Existing NIDS benchmarks predominantly rely on synthetic traffic, failing to capture statistical variability and temporal drift inherent in real-world networks—leading to distorted model evaluation. To address this, we propose MAWIFlow: the first flow-level intrusion detection benchmark built exclusively on real backbone network traffic collected across three years (2011, 2016, 2021). MAWIFlow explicitly models temporal drift while preserving original ground-truth labels. We publicly release a standardized preprocessing pipeline, a reproducible PCAP-to-flow conversion tool, and temporally aligned multi-year datasets. Experimental results reveal that conventional tree-based models suffer over 40% performance degradation when evaluated across years, whereas CNN-BiLSTM maintains stable accuracy—demonstrating the critical necessity of long-term, realistic temporal benchmarks for assessing model generalization. This work pioneers the systematic integration of longitudinally evolving real-world network traffic into NIDS benchmark design.

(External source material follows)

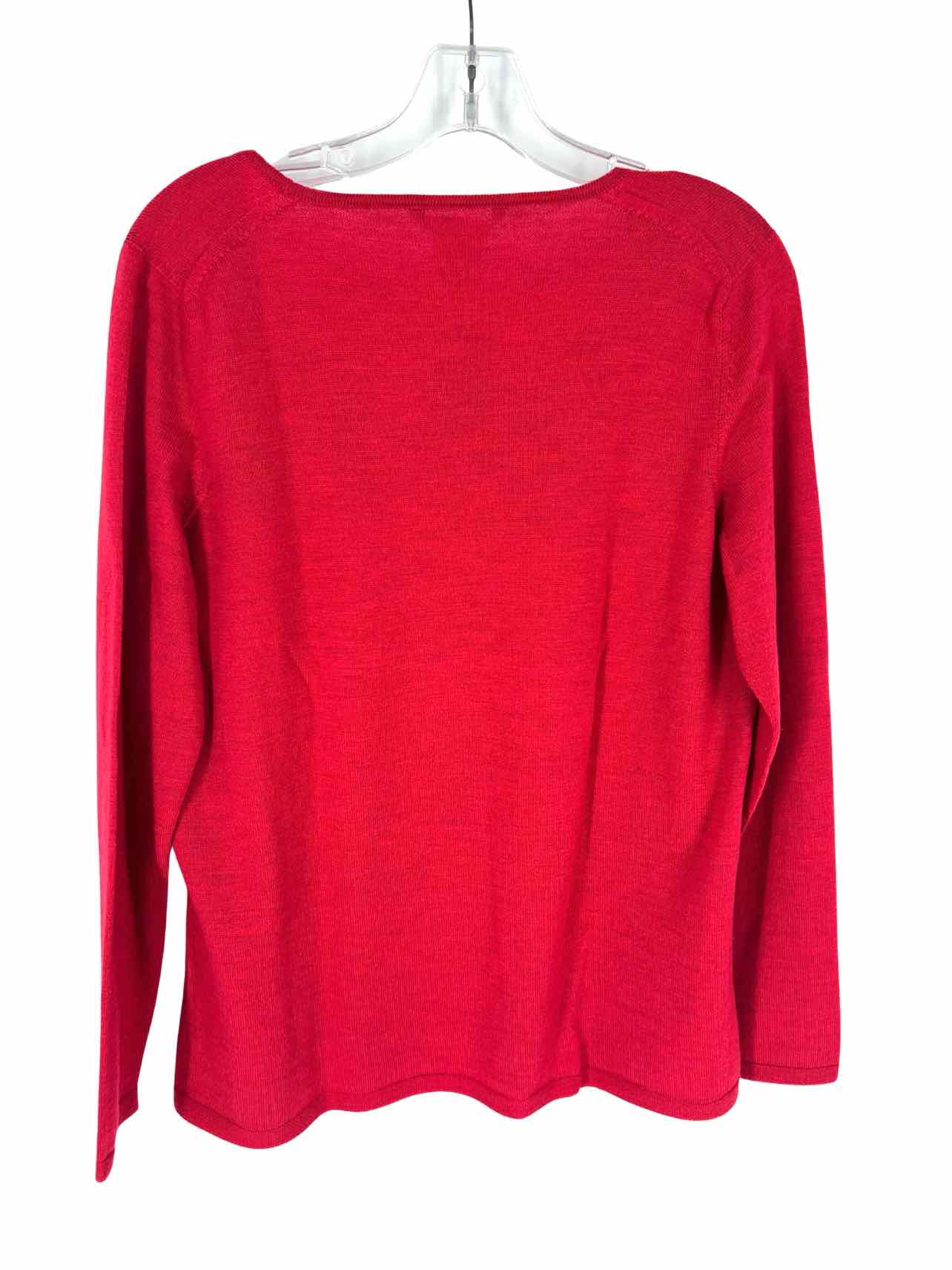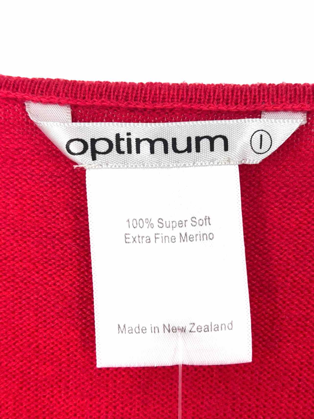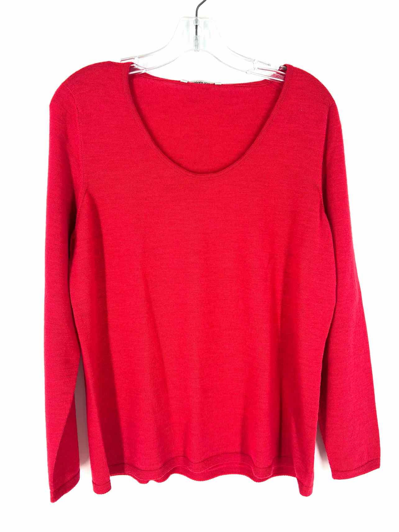 Optimum Size L Red Knit Merino Wool Designer Top-Long Sleeve

Benchmark datasets for network intrusion detection commonly rely on synthetically generated traffic, which fails to reflect the statistical variability and temporal drift encountered in operational environments. This paper introduces MAWIFlow, a flow-based benchmark derived from the MAWILAB v1.1 dataset, designed to enable realistic and reproducible evaluation of anomaly detection methods. A reproducible preprocessing pipeline is presented that transforms raw packet captures into flow representations conforming to the CICFlowMeter format, while preserving MAWILab's original anomaly labels. The resulting datasets comprise temporally distinct samples from January 2011, 2016, and 2021, drawn from trans-Pacific backbone traffic. To establish reference baselines, traditional machine learning methods, including Decision Trees, Random Forests, XGBoost, and Logistic Regression, are compared to a deep learning model based on a CNN-BiLSTM architecture. Empirical results demonstrate that tree-based classifiers perform well on temporally static data but experience significant performance degradation over time. In contrast, the CNN-BiLSTM model maintains better performance, thus showing improved generalization. These findings underscore the limitations of synthetic benchmarks and static models, and motivate the adoption of realistic datasets with explicit temporal structure. All datasets, pipeline code, and model implementations are made publicly available to foster transparency and reproducibility.